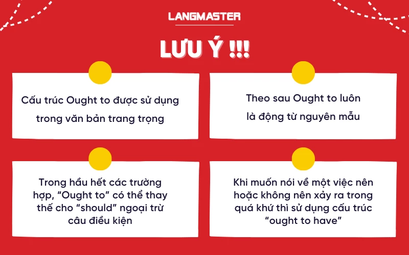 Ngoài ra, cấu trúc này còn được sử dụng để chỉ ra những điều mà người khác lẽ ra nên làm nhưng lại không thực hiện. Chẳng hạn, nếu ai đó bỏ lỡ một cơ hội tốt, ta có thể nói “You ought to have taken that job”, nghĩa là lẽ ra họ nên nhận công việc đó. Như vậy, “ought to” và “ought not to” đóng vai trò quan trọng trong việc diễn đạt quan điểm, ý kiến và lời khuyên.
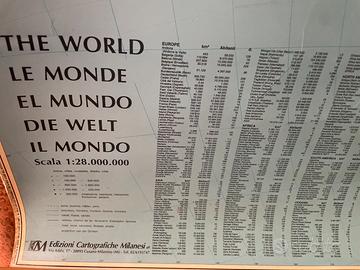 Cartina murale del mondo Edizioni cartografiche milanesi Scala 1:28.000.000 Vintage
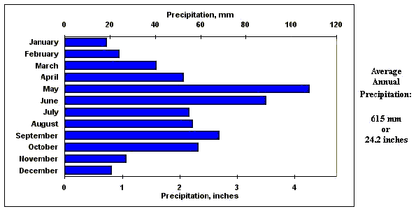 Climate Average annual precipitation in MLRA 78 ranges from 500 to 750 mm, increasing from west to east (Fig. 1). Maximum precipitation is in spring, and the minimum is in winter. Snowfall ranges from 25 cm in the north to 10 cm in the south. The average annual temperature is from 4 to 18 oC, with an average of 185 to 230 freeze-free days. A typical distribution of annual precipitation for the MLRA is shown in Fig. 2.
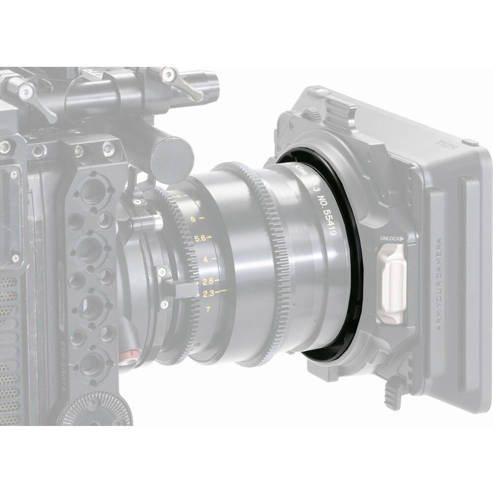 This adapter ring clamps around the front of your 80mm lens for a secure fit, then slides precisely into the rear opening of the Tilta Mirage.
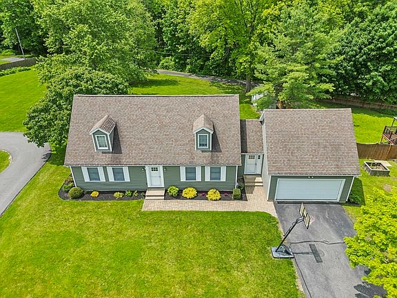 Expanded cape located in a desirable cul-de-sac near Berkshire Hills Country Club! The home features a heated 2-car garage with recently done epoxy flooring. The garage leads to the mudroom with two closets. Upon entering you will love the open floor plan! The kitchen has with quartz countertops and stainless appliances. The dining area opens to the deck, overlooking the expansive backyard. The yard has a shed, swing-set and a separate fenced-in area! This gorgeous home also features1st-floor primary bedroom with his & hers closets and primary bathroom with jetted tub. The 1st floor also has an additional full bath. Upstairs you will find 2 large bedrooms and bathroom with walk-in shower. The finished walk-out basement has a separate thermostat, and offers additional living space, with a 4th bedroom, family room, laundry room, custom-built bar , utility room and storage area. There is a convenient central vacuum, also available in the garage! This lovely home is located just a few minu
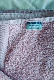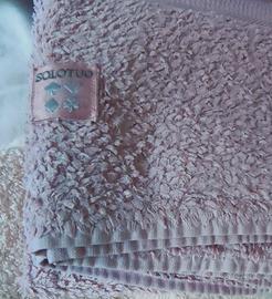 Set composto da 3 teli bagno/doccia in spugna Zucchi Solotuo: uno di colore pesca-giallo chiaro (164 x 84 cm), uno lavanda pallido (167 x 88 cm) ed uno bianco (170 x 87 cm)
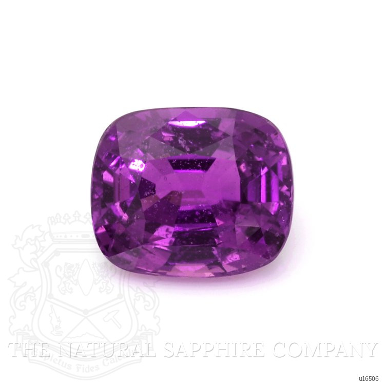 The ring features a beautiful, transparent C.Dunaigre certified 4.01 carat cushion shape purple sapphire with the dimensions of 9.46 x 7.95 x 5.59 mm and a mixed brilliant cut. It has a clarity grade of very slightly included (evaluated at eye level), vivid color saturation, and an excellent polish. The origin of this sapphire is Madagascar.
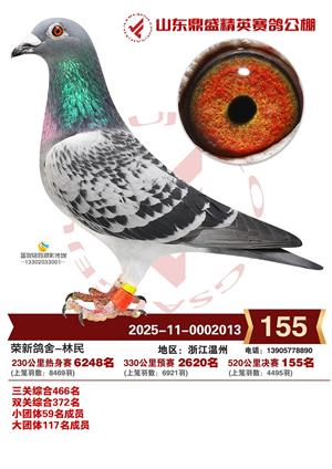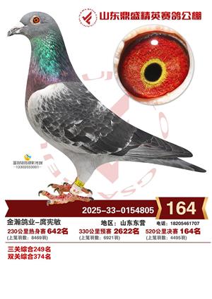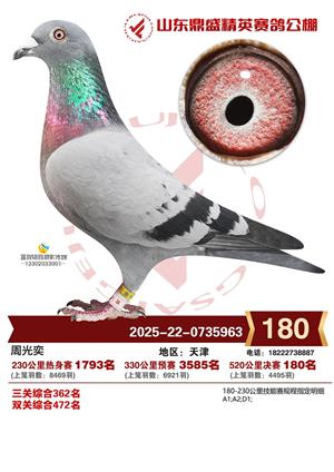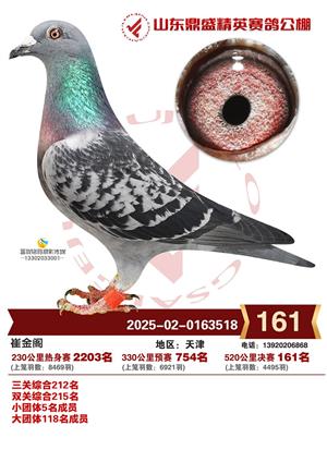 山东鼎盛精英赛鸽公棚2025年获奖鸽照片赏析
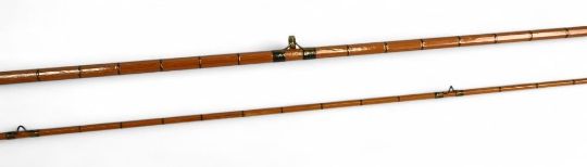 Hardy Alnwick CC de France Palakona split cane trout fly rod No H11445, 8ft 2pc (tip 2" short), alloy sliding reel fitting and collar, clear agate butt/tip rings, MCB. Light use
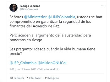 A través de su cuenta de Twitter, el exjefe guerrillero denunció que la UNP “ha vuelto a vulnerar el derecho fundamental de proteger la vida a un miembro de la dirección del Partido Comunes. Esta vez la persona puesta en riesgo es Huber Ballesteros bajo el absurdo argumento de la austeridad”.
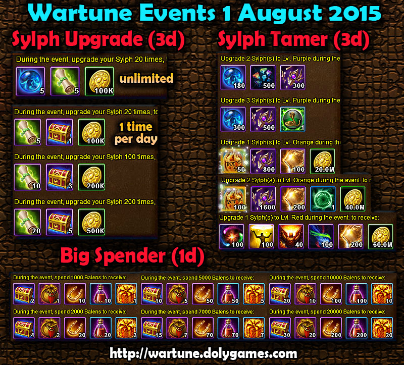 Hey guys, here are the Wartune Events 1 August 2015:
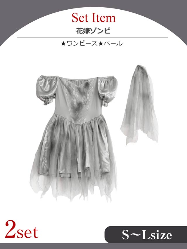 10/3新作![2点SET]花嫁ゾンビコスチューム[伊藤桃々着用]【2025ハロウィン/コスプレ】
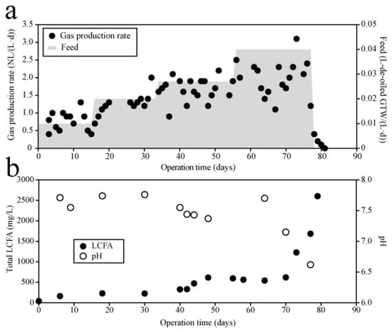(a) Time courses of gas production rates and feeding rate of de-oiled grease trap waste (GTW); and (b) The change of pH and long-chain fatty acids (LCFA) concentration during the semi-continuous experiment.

* * *

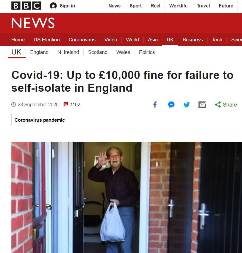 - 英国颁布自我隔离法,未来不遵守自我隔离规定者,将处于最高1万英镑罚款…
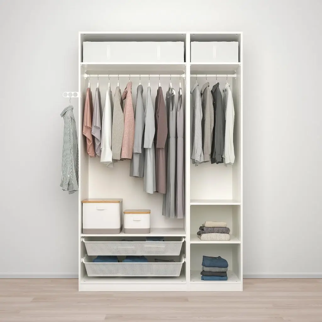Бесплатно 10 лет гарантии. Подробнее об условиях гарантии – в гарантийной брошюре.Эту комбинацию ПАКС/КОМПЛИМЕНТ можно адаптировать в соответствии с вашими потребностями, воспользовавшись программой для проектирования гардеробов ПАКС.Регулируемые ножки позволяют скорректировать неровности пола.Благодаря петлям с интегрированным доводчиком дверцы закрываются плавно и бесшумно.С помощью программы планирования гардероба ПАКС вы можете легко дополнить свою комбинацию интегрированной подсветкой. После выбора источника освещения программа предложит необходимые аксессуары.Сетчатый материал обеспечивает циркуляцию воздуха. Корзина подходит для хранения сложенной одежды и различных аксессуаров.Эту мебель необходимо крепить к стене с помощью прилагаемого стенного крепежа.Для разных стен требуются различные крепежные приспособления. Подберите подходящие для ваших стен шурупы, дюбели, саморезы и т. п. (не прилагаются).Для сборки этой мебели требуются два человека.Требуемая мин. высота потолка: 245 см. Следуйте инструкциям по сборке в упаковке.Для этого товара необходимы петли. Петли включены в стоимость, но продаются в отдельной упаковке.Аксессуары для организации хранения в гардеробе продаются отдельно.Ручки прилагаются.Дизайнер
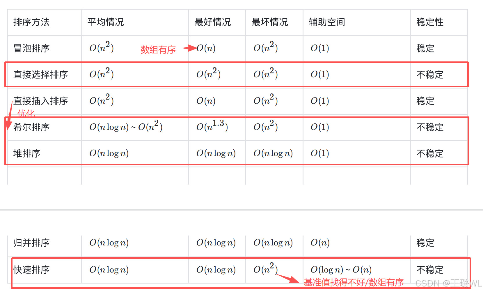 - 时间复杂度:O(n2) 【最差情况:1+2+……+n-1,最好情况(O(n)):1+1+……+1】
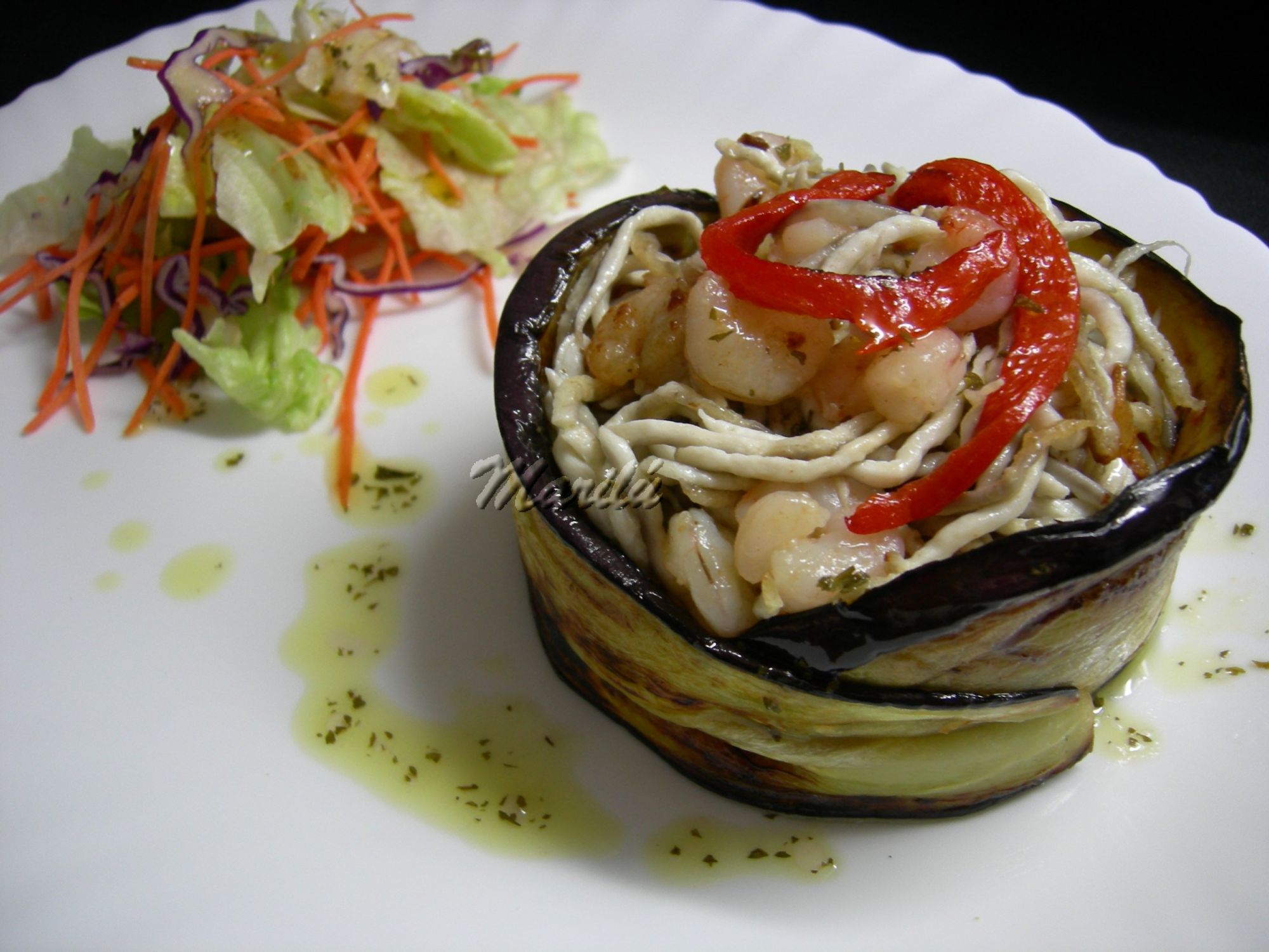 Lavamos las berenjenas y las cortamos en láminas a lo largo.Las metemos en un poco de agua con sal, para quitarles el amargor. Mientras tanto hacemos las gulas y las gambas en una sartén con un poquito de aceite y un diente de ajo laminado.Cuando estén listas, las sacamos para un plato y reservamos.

Instructions for the task: Although the records above contain pictures, the copy should not; retype exactly the lines from the one containing "Expanded cape located" through the one containing "Set composto da".

Output below:
 Expanded cape located in a desirable cul-de-sac near Berkshire Hills Country Club! The home features a heated 2-car garage with recently done epoxy flooring. The garage leads to the mudroom with two closets. Upon entering you will love the open floor plan! The kitchen has with quartz countertops and stainless appliances. The dining area opens to the deck, overlooking the expansive backyard. The yard has a shed, swing-set and a separate fenced-in area! This gorgeous home also features1st-floor primary bedroom with his & hers closets and primary bathroom with jetted tub. The 1st floor also has an additional full bath. Upstairs you will find 2 large bedrooms and bathroom with walk-in shower. The finished walk-out basement has a separate thermostat, and offers additional living space, with a 4th bedroom, family room, laundry room, custom-built bar , utility room and storage area. There is a convenient central vacuum, also available in the garage! This lovely home is located just a few minu
 Set composto da 3 teli bagno/doccia in spugna Zucchi Solotuo: uno di colore pesca-giallo chiaro (164 x 84 cm), uno lavanda pallido (167 x 88 cm) ed uno bianco (170 x 87 cm)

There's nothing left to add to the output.